The only difference I see in the proof of *Fixpoint* and *Theorem* is the place of variable *t* and I am wondering if this case is very similar to [1, 2, 3]?  It appears to me that generalisation makes things complicated in this case and [1, 2, 3]. In [1], *x* is universally quantified and proof requires eq_rect_eq_dec, and in [2] proof no longer requires eq_rect_eq_dec but at the same time *x* is no longer universally quantified.

Best,

Mukesh

(* [1] and requires eq_rect_eq_dec and *x* is universally quantified *)

Lemma fin_case :
  forall n (P : Fin (S n) -> Type),
    (P (F1 _)) ->
    (forall x, P (FS _ x)) ->
    (forall x, P x).
Proof.
  intros.
  refine (match x as x' in Fin n'
                return forall pf : n' = S n,
                         eq_rect n' Fin x' (S n) pf = x ->
                         P x with
            | F1 _ => _
            | FS _ _ => _
          end eq_refl eq_refl).
  - intros.
    inversion pf.
    subst.
    rewrite <- Eqdep_dec.eq_rect_eq_dec by apply eq_nat_dec.
    auto.
  - intros.
    inversion pf.
    subst.
    rewrite <- Eqdep_dec.eq_rect_eq_dec by apply eq_nat_dec.
    auto.
Qed.


(* [2] no longer requires eq_rect_eq_dec but *x* is no longer universally quantified *)
Definition fin_case n x : 
    forall (P : Fin.t (S n) -> Type),
    P F1 -> (forall y, P (FS y)) -> P x :=
  match x as x0 in Fin.t n0
     return
       forall P,
         match n0 as n0' return (t n0' -> (t n0' -> Type) -> Type) with
           | 0 => fun _ _ => False
           | S m => fun x P => P F1 -> (forall x0, P (FS x0)) -> P x
         end x0 P
  with
    | F1 _ => fun _ H1 _ => H1
    | FS _ _ => fun _ _ HS => HS _
  end.
  
  

(** [3] The inversion principle [fin_S_inv] is more convenient than its variant
[Fin.caseS] in the standard library, as we keep the parameter [n] fixed.
In the tactic [inv_fin i] to perform dependent case analysis on [i], we
therefore do not have to generalize over the index [n] and all assumptions
depending on it.

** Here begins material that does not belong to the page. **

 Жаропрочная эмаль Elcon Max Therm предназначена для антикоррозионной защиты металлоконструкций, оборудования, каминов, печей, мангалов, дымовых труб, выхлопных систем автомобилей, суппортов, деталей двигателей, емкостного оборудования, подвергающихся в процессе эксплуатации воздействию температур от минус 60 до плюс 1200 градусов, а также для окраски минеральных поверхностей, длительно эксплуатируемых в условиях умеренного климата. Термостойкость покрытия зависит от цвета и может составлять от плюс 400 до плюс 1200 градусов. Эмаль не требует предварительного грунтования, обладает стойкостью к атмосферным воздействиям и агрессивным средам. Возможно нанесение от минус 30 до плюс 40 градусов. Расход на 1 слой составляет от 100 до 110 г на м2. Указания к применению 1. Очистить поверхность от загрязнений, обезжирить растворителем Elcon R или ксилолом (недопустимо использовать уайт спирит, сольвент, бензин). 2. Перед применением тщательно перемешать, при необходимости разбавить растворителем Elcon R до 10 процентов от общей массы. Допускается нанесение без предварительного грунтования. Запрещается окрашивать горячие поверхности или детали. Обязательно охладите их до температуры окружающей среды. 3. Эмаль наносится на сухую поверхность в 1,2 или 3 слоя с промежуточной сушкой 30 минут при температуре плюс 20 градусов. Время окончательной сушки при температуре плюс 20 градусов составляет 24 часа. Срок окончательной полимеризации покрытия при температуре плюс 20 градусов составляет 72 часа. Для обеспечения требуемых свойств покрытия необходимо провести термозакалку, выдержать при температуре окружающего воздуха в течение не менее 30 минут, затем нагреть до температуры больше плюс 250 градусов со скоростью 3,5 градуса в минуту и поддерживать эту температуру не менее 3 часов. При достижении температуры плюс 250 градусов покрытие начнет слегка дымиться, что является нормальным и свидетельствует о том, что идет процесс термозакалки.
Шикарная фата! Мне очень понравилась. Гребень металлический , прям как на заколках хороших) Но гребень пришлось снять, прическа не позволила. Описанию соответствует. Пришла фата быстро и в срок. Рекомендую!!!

Notice that contrary to [dependent destruction], which uses
the [JMeq_eq] axiom, the tactic [inv_fin] produces axiom free proofs.*)

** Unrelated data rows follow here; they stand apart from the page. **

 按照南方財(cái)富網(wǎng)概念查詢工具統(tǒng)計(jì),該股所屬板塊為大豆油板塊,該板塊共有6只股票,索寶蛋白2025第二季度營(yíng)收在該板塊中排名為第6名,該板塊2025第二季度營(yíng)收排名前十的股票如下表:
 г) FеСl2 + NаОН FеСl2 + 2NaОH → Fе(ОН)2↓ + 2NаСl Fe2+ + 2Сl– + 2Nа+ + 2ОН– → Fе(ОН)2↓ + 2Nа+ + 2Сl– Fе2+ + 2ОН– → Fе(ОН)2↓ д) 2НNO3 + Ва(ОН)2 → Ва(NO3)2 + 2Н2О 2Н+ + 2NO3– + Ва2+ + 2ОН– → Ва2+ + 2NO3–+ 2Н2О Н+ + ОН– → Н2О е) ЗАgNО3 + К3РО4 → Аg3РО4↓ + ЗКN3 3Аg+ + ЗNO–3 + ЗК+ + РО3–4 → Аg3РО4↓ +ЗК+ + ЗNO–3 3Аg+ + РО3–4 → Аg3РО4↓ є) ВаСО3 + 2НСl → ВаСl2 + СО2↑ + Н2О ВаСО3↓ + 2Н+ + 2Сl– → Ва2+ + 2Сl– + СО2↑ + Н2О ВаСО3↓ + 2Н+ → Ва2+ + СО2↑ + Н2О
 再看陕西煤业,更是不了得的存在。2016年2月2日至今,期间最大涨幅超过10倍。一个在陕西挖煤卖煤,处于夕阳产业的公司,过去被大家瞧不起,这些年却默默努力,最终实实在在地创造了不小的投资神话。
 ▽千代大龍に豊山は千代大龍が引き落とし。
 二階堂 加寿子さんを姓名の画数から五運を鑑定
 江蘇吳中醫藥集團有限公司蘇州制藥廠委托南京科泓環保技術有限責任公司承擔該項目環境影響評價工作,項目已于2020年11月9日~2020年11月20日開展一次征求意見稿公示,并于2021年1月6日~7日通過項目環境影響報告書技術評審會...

Definition fin_S_inv {n} (P : fin (S n) → Type)
  (H0 : P 0%fin) (HS : ∀ i, P (FS i)) (i : fin (S n)) : P i.
Proof.
  revert P H0 HS.
  refine match i with 0%fin => λ _ H0 _, H0 | FS i => λ _ _ HS, HS i end.
Defined.

[1] https://jamesrwilcox.com/dep-destruct.html

[2] https://jamesrwilcox.com/more-cardinality.html

[3] https://gitlab.mpi-sws.org/iris/stdpp/-/blob/master/stdpp/fin.v?ref_type=heads#L54

On Fri, May 3, 2024 at 7:29 AM Elias Castegren <elias.castegren AT it.uu.se> wrote:

Dear all

While investigating writing custom induction principles
I figured out that an alternative solution is to write your
theorems as Fixpoints (questions below).

For example, take this definition of a Rose tree where
the generated induction principle is unhelpful:

Inductive rose_tree (A: Type) :=
| Node (elem: A) (children: list (rose_tree A)).

Check rose_tree_ind.
(*
rose_tree_ind
     : forall (A : Type) (P : rose_tree A -> Prop),
       (forall (elem : A) (children : list (rose_tree A)),
        P (Node A elem children)) ->
       forall r : rose_tree A, P r
*)

Trying to prove for example that a convoluted identity
function is indeed an identity function fails almost
immediately:

Fixpoint rebuild (A: Type) (t: rose_tree A) :=
  match t with
  | Node _ elem children => Node A elem (map (rebuild A) children)
  end.

Theorem rebuild_id:
  forall A t,
    rebuild A t = t.
Proof.
  intros A t.
  induction t. (* No induction hypothesis generated *)
Abort.

Now, the standard solution to this is to write a custom
induction principle that recurses through the list (or something
using well-founded induction), but you can also prove the
theorem directly by formulating it as a Fixpoint:

Fixpoint rebuild_id (A: Type) (t: rose_tree A):
  rebuild A t = t.
Proof with auto.
  destruct t. simpl.
  f_equal. induction children...
  simpl. rewrite rebuild_id'.
  rewrite IHchildren...
Qed.

I was pleasantly surprised by this since I have always found
writing induction principles quite tedious, especially for larger
data types. An obvious drawback of this is that automation
tends to be very eager to use the theorem recursively too
early, creating a non-terminating proof object.

So, to my questions:

1. Is there a tactic that I can use in the proof of a regular
Theorem that turns it into a fixpoint so that I don’t have to
write the theorem statement differently? Note that writing
"Fixpoint rebuild_id: forall A t, rebuild A t = t” fails with an
uncaught exception at the moment.

2. Is there a version of auto that checks guardedness and
backtracks if it fails? What I want is something like
“try solve[auto; Guarded]”, but it seems like Guarded is a
command rather than a tactic so that they don’t compose
(also I guess solve would stop once auto solved the goal?)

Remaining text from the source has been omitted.